2018 COA 154
Colo. Ct. App.2018Background
- Parents divorced in 2008; two children. Multiple agreed changes to parenting time in 2015 and 2017 shifting primary residential care between mother and father.
- June 2015: parents agreed father would be primary residential parent; father reduced his child support payments accordingly. Father later moved to modify child support (July 2016).
- February 2017: parents again changed care such that the parents each became primary residential parent for one child; district court held a March 2017 hearing and set child support using an imputed income for mother.
- District court imputed $6,000/month to mother, found mother owed $21,389 in arrears (dating back to June 2015), offset those arrears, and ordered revised monthly payments from father to mother going forward.

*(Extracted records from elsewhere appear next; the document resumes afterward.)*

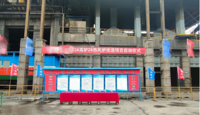 2023年7月17日由河南省豫興熱風爐工程技術有限公司對該高爐1號hao內nei燃ran式shi熱re風feng爐lu實shi施shi爐lu殼ke利li舊jiu在zai線xian改gai造zao為wei懸xuan鏈lian線xian頂ding燃ran式shi熱re風feng爐lu順shun利li投tou產chan使shi用yong至zhi今jin,經jing過guo近jin一yi年nian的de高gao風feng溫wen穩wen定ding運yun行xing,操cao作zuo順shun暢chang,效xiao果guo良liang好hao。隨sui該gai公gong司si啟qi動dong采cai用yong懸xuan鏈lian線xian熱re風feng爐lu技ji術shu對dui2號內燃式熱風爐實施爐殼利舊在線改造。
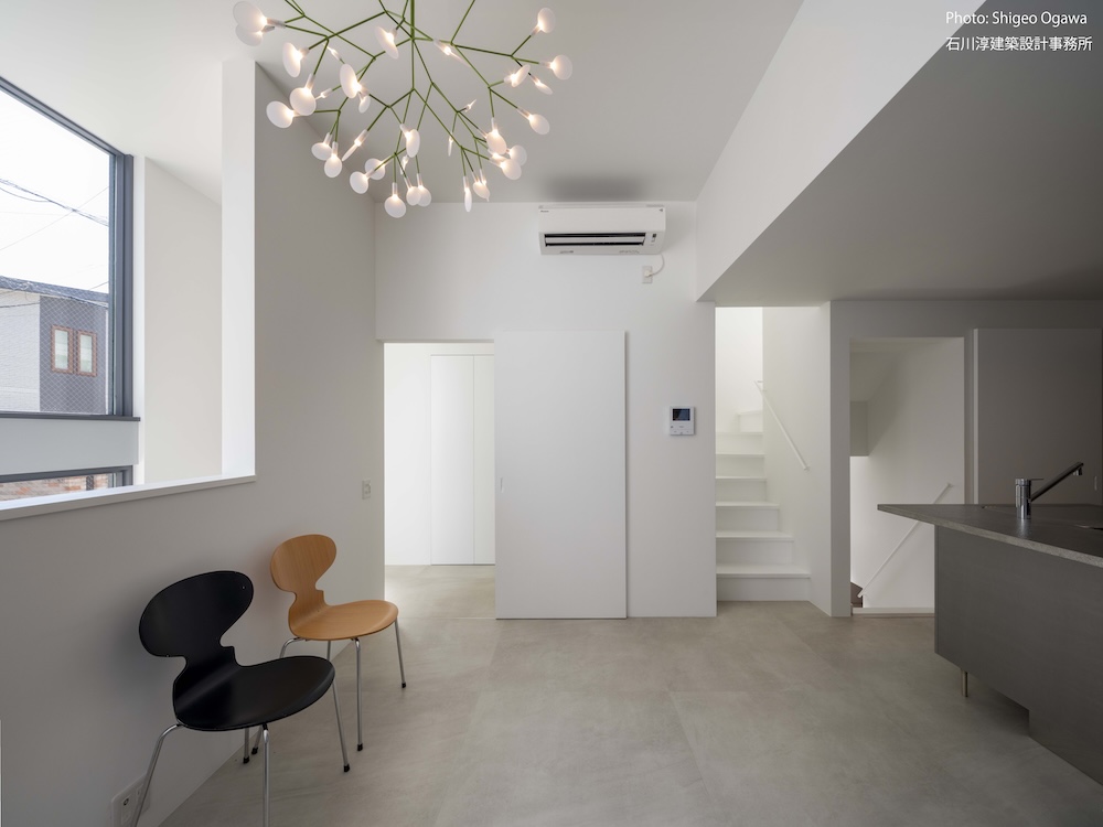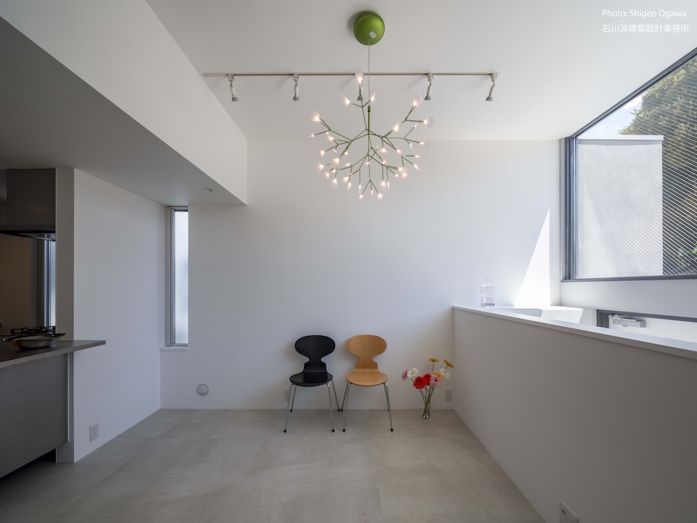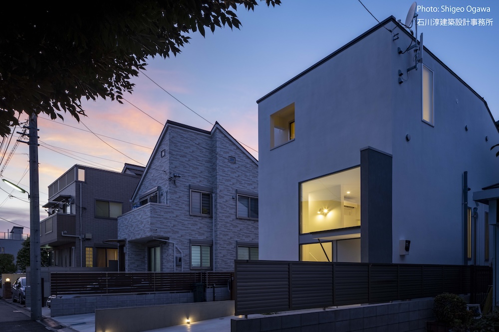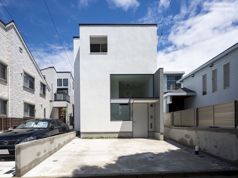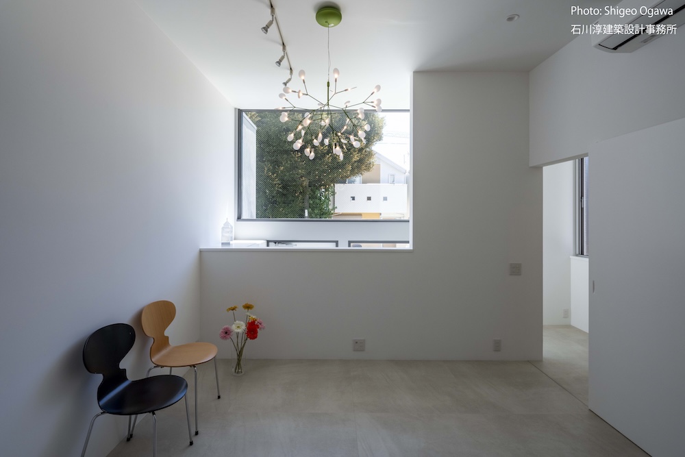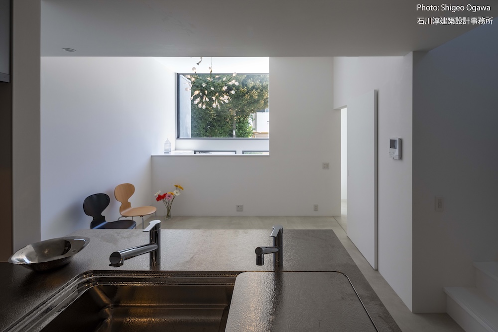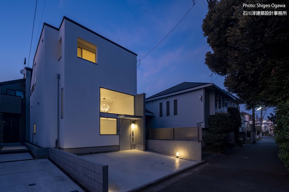 協力不動産コンサルさんと一緒に決めた都内の計画地は4m道路に面した間口5.8m奥行き13.8mの土地で南道路の対岸には大きな樹木があり、静かな時間が流れている場所でした。ご希望は御主人がお持ちの膨大な量の書籍を収納出来る事と、ご夫婦それぞれが仕事のできるスペースと大学生の娘さんの個室を作る事でした。奥様が美術系のお仕事をされている事からシンプルでミニマルな当事務所の作風にご興味いただき、基本的なデザイン方針はお任せいただくような流れで設計が進みました。建物の断面計画は1階の床下に書庫を配置し、その上にリビングと御主人書斎やサニタリーを置き、2階に主寝室と奥様書斎、娘さんの個室があります。外観の特徴は玄関ドアと一体でデザインした大きな窓。内側は玄関ですが書庫のために1階が半層上がっているためリビングからは道路を見下ろす位置関係になり外からはリビングの天井しか見えません。キッチンとリビング照明器具は奥様の選定ですが、その照明器具が大窓越しにワンポイントになりました。
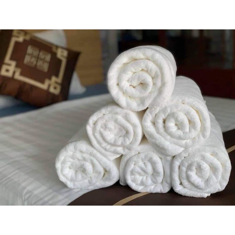 Khăn tắm cao cấp khách sạn size 70x140x500g, 100% sợi cotton màu trắng, siêu mềm mịn thấm hút nước
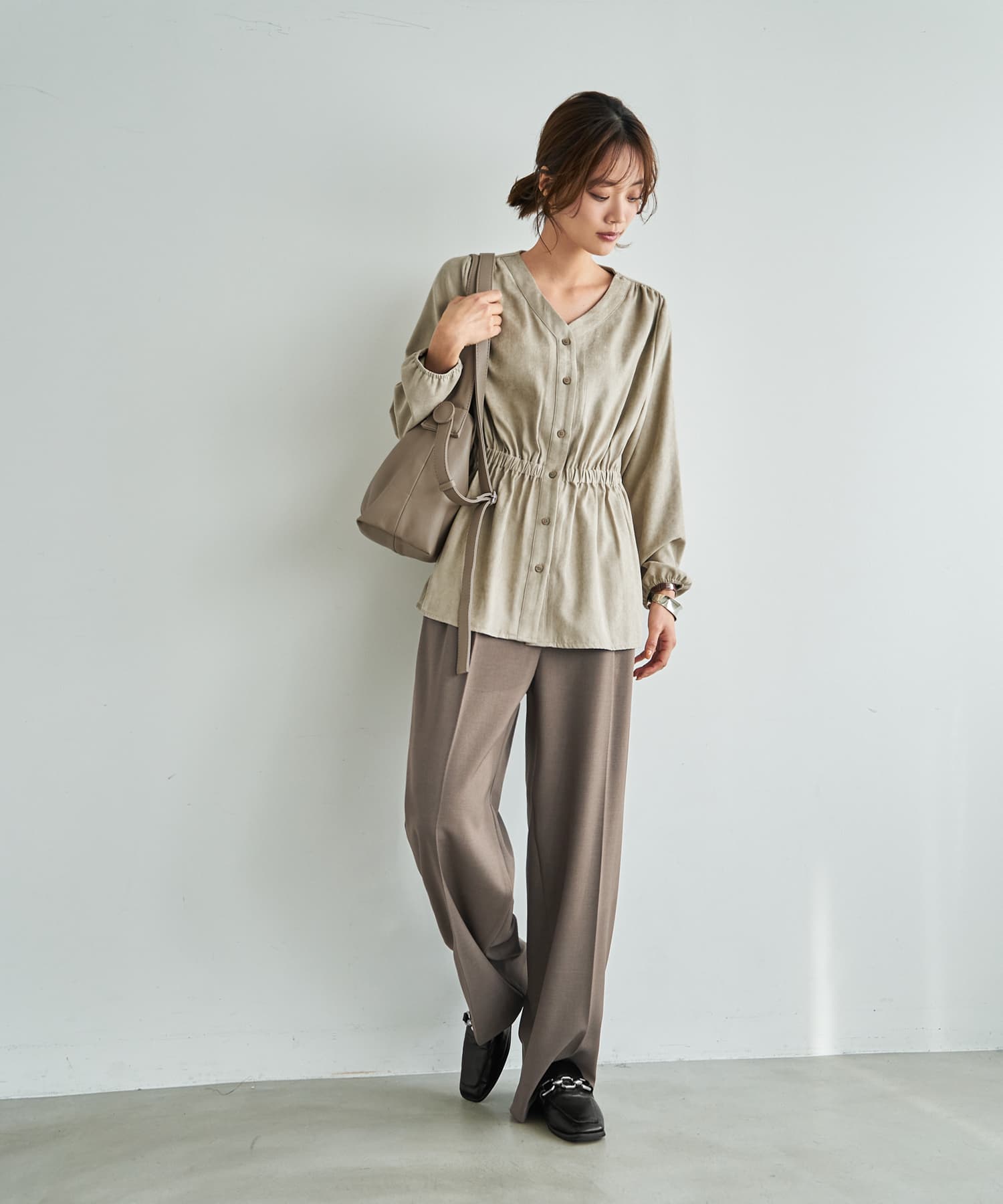 【LUXE】ピーチスキンウエストマークギャザーブラウス
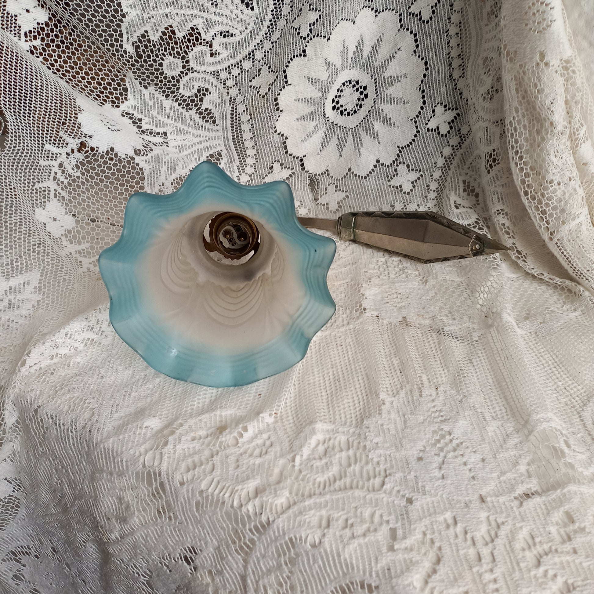 Antique wall light with white and blue tulip frosted glass lampshade
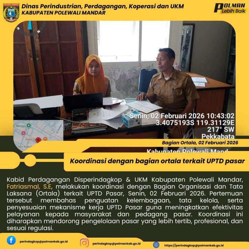 Kabid Perdagangan Disperindagkop & UKM Kabupaten Polewali Mandar, Fatriasmal, S.E, melakukan koordinasi dengan Bagian Organisasi dan Tata Laksana (Ortala) terkait UPTD Pasar, Senin, 02 Februari 2026. Pertemuan tersebut membahas penguatan kelembagaan, tata kelola, serta penyesuaian mekanisme kerja UPTD Pasar guna meningkatkan efektivitas pelayanan kepada masyarakat dan pedagang pasar. Koordinasi ini diharapkan mendorong pengelolaan pasar yang lebih tertib, profesional, dan sesuai regulasi.
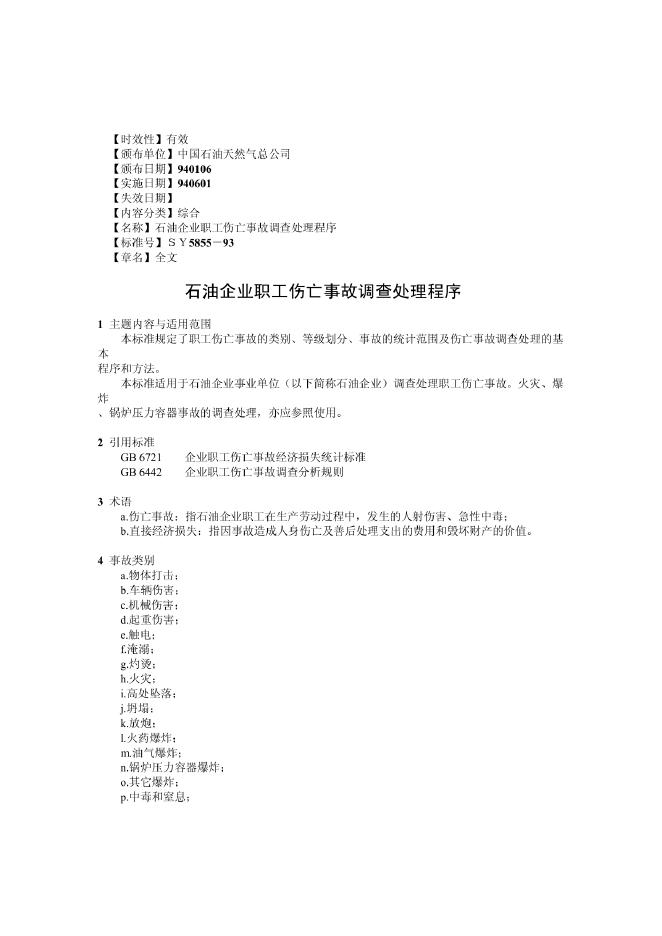 SY 5855-1993 石油企业职工伤亡事故调查处理程序
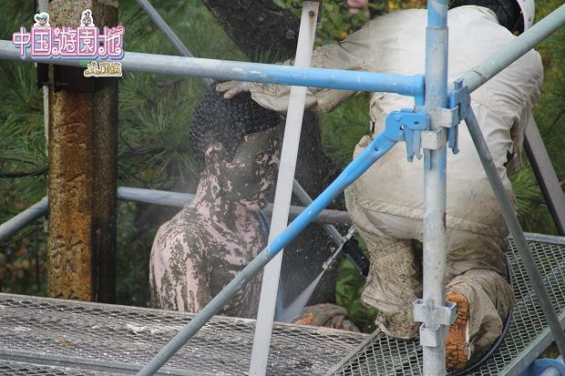 11月4日の早朝、日比野塗装店の職人さんが高圧洗浄機で水洗い。
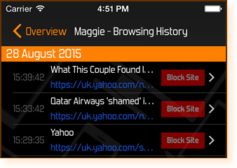 Wild will also, by default, block any pages that are classified as 'RTA' (Restricted To Adult) or ones that cause a 'hit' against any of the default blocked keywords within Protecteon. "Porn" or "gambling" for example! And because Protecteon shows you a LIVE log of every page your child has viewed, you can review this log and block any sites you feel have slipped through the net by touching a 'Block' button next to the item in the log (as shown in the image).
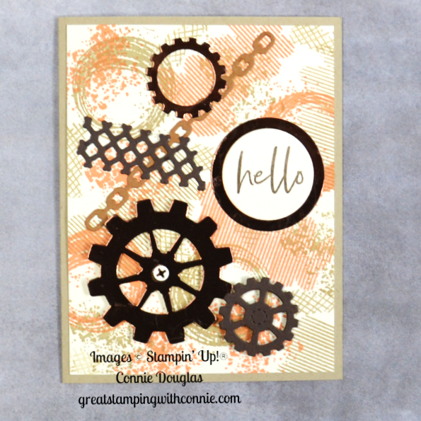 All the texture stamps just make we want to create my own Designer Series Paper, so that’s what I did. I used Timid Tiger and Crumb Cake ink for this card. Just two colours to create such a fun background. I die cut some gears and other elements, including the pieces for the sentiment and frame.
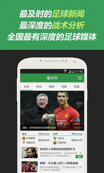 懂球帝是为广大足球迷量身打造的一款专业足球手机软件。专业+原创足球资讯;全球足球赛事直播:联赛+杯赛赛事资讯、赛程、球队球员详细数据,实时更新;精彩评论,圈子侃球,一键定制专属球队,场外花边+女球迷专访,让足球更精彩。
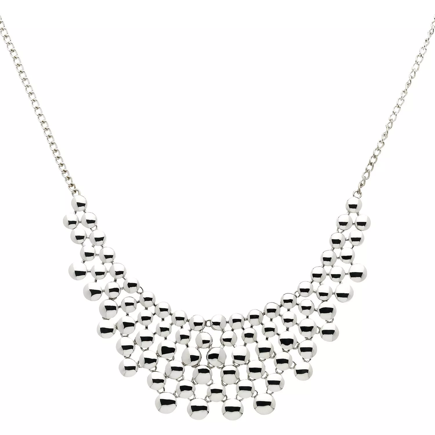 Inspired by the dramatic bib style, this necklace features a silver-toned rhodium-plated chain which suspends multiple strands of shiny coin charms cut in various sizes for a harmonious finish. The necklace is complete with an adjustable extension chain and a lobster clasp.

- Mother appealed, challenging (1) the imputation of income to her without explicit findings of voluntary underemployment, and (2) the court’s authority to impose retroactive child support on a parent who was the obligee under the prior order.
Issues
| Issue | Plaintiff's Argument (Garrett) | Defendant's Argument (Heine) | Held |
|---|---|---|---|
| Whether the court properly imputed $6,000/mo to mother without finding voluntary underemployment | Garrett: Court erred; no explicit finding she was voluntarily underemployed or shirking support obligation | Heine: Mother had prior earnings and market opportunities justifying imputation | Reversed and remanded — court must make specific findings applying Martinez factors before imputing income |
| Whether a court may retroactively establish a child support obligation against a parent who was the obligee under the existing order when parenting time voluntarily changes | Garrett: Statute allows retroactive modification only as to the then-obligor; cannot retroactively make the obligee an obligor | Heine: 2013 statutory amendment permits courts to retroactively establish support against either parent when care changes | Affirmed in part — under §14-10-122(5) (as amended 2013) a court may retroactively enter a child support order against either parent as of the date physical care changed |
| Proper temporal scope for retroactive modification when parents mutually change physical care | Garrett: Retroactive liability should not run back to the date of the mutual agreement absent motion timely filed | Heine: Child Support Commission and statute support retroactivity to date care changed to avoid lapses in support | Court held retroactivity to date of care change is permitted; remanded for the court to state discretionary factors used in imposing retroactivity |
| Whether equitable defenses (oral agreement, estoppel, undue hardship) preclude retroactive support | Garrett: Oral agreement and estoppel bar retroactive liability; retroactivity causes substantial injustice | Heine: These were not raised below; court should not address on appeal | Not reached on merits — issues forfeited because not raised below; court may consider on remand in its discretion |
Key Cases Cited
- In re Marriage of Emerson, 77 P.3d 923 (Colo. App.) (permits shifting support duty and retroactive establishment of support against either parent when physical care changes)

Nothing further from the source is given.